The presented examples show that medicalization can be tied to economic considerations. The definition of an illness is a very political question which also depends on the current economic system and its ideals. Therefore, what is considered as a mental illness changes with time and can be different from culture to culture.

Especially concerning mental health, the question what is considered as abnormal behavior is tied to ideology. As Foucault argued within a dispositive, normal behavior is defined and aberration is sanctioned (1993 [1975], 392). Referring to the economic system this means that persons who cannot function within the economic system get discarded. As mental illnesses are increasingly treated with psychopharmaceuticals, this creates new economic possibilities at the cost of social consequences. Biehl showed that psychotropic drugs play a big role in excluding members of a society permanently as there is no way to undo possible damages caused by overmedication.

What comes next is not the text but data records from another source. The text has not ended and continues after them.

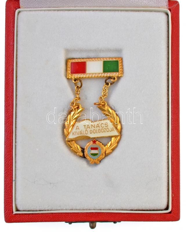 ~1960-1970. "A Tanács Kiváló Dolgozója" aranyozott, zománcozott fém kitüntetés eredeti tokban T:1-,2
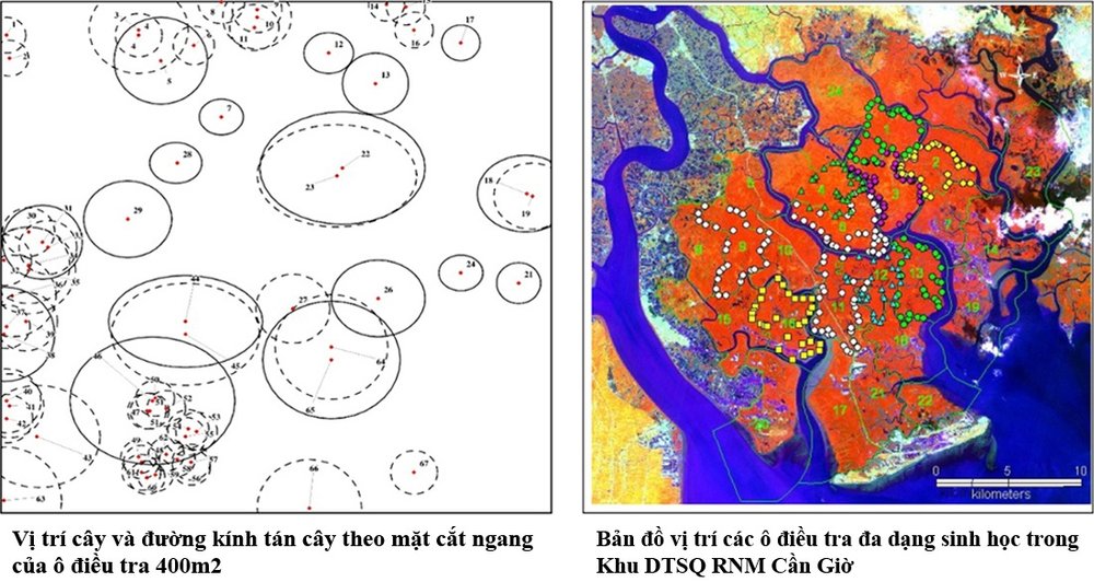 Bản đồ vị trí các ô điều tra đa dạng sinh học trong Khu DTSQ RNM Cần Giờ
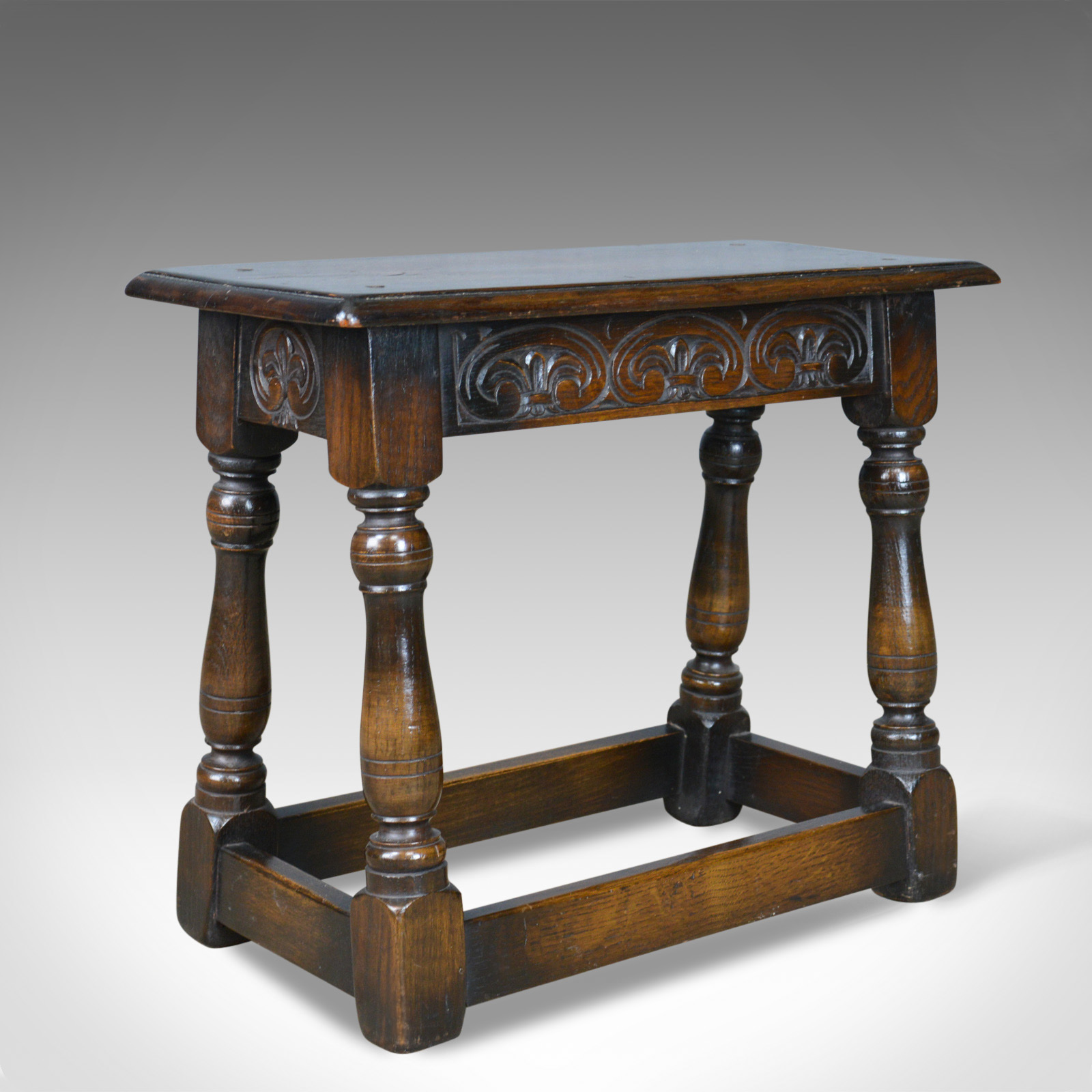Antique Joint Stool, English, Oak, Edwardian, Jacobean Revival

Psychopharmaceuticals also open the possibility to enhance oneself and to adapt to academic or economic requirements. Anxieties can be medicalized by categorizing them as disorders which enables the possibility of self-enhancement through medication. Psychological Anthropology can draw attention to these processes and question contemporary scientific developments as cultural products which are tied to the respective political, economic and societal circumstances.


(i) Pseudonym


References

Biehl, Joao. 2004. Life of the mind: The interface of psychopharmaceuticals, domestic economies, and social abandonment. American Ethnologist 31: 475-96.


Boas, Taylo and Jordan Gans-Morse. 2009. Neoliberalism: From New Liberal Philosophy to Anti-Liberal Slogan. Studies in Comparative International Development 44: 137-161.


Conrad, Peter. 1992. Medicalization and Social Control. Annual Review of Sociology 18: 209-32.


Esposito, Luigi and Fernando M. Perez. 2014. Neoliberalism and the Commodification of Mental Health. Humanity & Society 38(4): 414-442.


Foucault, Michel. 1993 [1975]. Überwachen und Strafen: Die Geburt des Gefängnisses. Berlin: Suhrkamp.


Levinson, Jack and Kelly A. McKinney. 2013. Consuming an edge: ADHD, stimulant use, and psy culture at the corporate university. Transcultural Psychiatry 50 (3): 371–396.


Sousa, Cindy and David Marshall. 2017. Political violence and mental health: Effects of neoliberalism and the role of international social work practice. International Social Work 60 (4): 787-799.